PROVIDED RECORDS:

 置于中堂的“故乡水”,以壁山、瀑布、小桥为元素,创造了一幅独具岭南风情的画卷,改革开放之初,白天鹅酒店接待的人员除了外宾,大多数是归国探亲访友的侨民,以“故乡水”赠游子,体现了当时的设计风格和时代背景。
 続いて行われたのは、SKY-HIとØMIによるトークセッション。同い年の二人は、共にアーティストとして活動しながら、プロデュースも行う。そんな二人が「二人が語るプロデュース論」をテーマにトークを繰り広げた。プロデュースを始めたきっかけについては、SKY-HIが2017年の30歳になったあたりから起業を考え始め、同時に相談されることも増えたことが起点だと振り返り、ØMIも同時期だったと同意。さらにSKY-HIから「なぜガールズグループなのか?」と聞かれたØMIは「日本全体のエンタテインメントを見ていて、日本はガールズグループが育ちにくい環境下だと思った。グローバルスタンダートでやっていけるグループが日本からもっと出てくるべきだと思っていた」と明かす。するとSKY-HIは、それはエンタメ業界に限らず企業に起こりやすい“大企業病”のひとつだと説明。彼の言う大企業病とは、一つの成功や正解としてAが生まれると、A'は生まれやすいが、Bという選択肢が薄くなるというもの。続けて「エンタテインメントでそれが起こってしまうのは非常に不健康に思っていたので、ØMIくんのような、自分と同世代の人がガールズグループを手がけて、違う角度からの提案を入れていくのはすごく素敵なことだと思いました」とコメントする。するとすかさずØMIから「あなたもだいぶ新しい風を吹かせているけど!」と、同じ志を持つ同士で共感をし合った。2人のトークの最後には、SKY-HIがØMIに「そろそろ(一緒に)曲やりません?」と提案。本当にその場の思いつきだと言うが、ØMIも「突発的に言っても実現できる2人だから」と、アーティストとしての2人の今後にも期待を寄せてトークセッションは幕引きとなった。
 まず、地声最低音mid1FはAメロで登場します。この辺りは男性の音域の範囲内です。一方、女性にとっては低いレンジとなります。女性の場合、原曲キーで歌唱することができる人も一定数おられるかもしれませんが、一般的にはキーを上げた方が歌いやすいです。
--
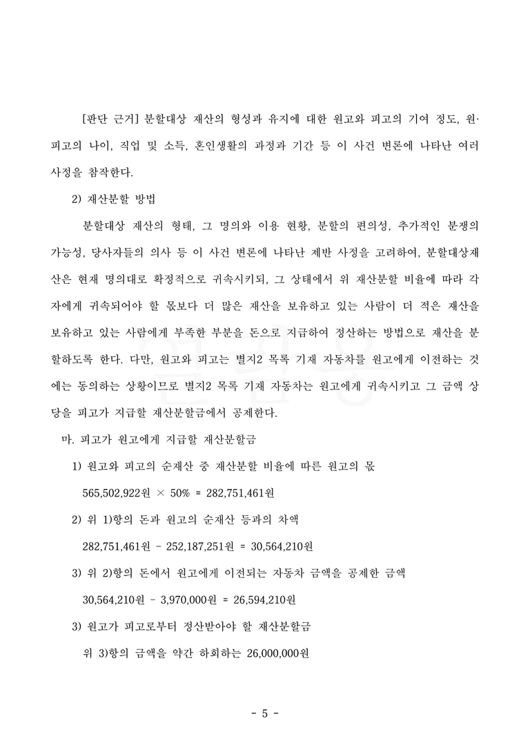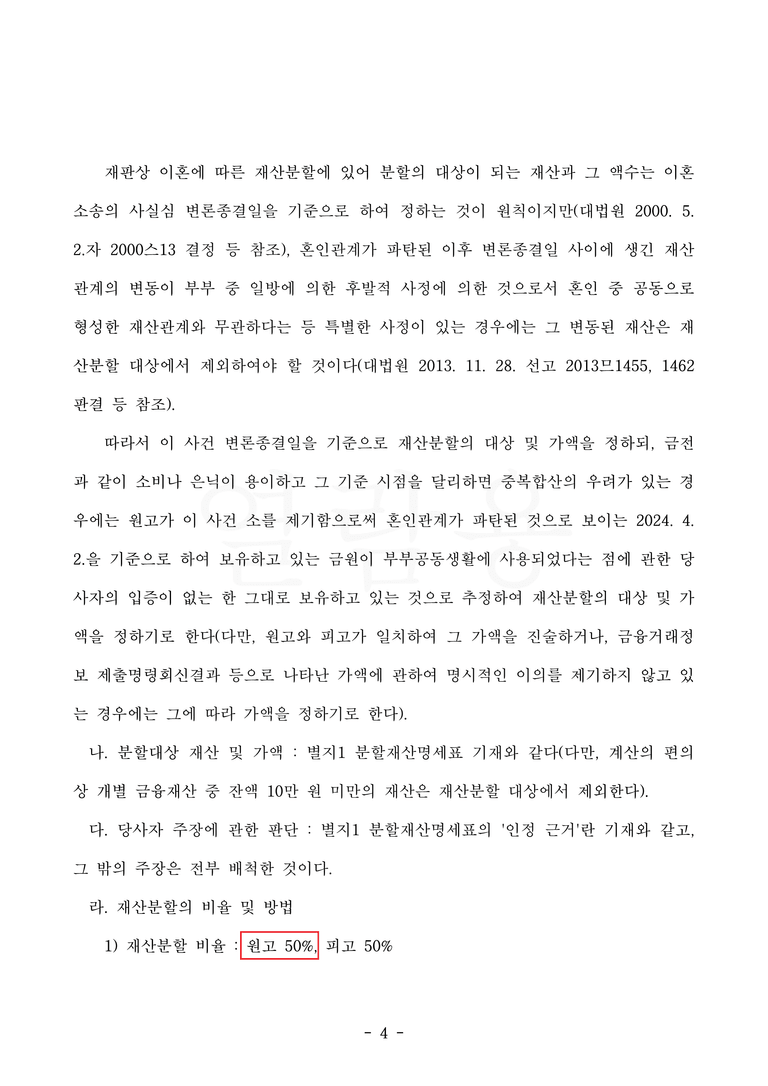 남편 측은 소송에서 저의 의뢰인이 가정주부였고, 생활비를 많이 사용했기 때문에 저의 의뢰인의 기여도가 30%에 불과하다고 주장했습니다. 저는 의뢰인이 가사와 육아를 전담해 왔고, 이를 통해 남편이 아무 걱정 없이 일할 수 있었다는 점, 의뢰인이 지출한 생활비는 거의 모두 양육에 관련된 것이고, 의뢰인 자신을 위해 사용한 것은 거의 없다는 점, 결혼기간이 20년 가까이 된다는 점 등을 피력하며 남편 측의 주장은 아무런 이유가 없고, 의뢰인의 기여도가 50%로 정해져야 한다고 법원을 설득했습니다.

INSTRUCTIONS TO FOLLOW: Within the material above, the line with "続いて行われたのは、SKY-HIとØMI" opens the range and the line with "まず、地声最低音mid1Fは" closes it; reproduce that range word for word.

WRITTEN SOLUTION:
 続いて行われたのは、SKY-HIとØMIによるトークセッション。同い年の二人は、共にアーティストとして活動しながら、プロデュースも行う。そんな二人が「二人が語るプロデュース論」をテーマにトークを繰り広げた。プロデュースを始めたきっかけについては、SKY-HIが2017年の30歳になったあたりから起業を考え始め、同時に相談されることも増えたことが起点だと振り返り、ØMIも同時期だったと同意。さらにSKY-HIから「なぜガールズグループなのか?」と聞かれたØMIは「日本全体のエンタテインメントを見ていて、日本はガールズグループが育ちにくい環境下だと思った。グローバルスタンダートでやっていけるグループが日本からもっと出てくるべきだと思っていた」と明かす。するとSKY-HIは、それはエンタメ業界に限らず企業に起こりやすい“大企業病”のひとつだと説明。彼の言う大企業病とは、一つの成功や正解としてAが生まれると、A'は生まれやすいが、Bという選択肢が薄くなるというもの。続けて「エンタテインメントでそれが起こってしまうのは非常に不健康に思っていたので、ØMIくんのような、自分と同世代の人がガールズグループを手がけて、違う角度からの提案を入れていくのはすごく素敵なことだと思いました」とコメントする。するとすかさずØMIから「あなたもだいぶ新しい風を吹かせているけど!」と、同じ志を持つ同士で共感をし合った。2人のトークの最後には、SKY-HIがØMIに「そろそろ(一緒に)曲やりません?」と提案。本当にその場の思いつきだと言うが、ØMIも「突発的に言っても実現できる2人だから」と、アーティストとしての2人の今後にも期待を寄せてトークセッションは幕引きとなった。
 まず、地声最低音mid1FはAメロで登場します。この辺りは男性の音域の範囲内です。一方、女性にとっては低いレンジとなります。女性の場合、原曲キーで歌唱することができる人も一定数おられるかもしれませんが、一般的にはキーを上げた方が歌いやすいです。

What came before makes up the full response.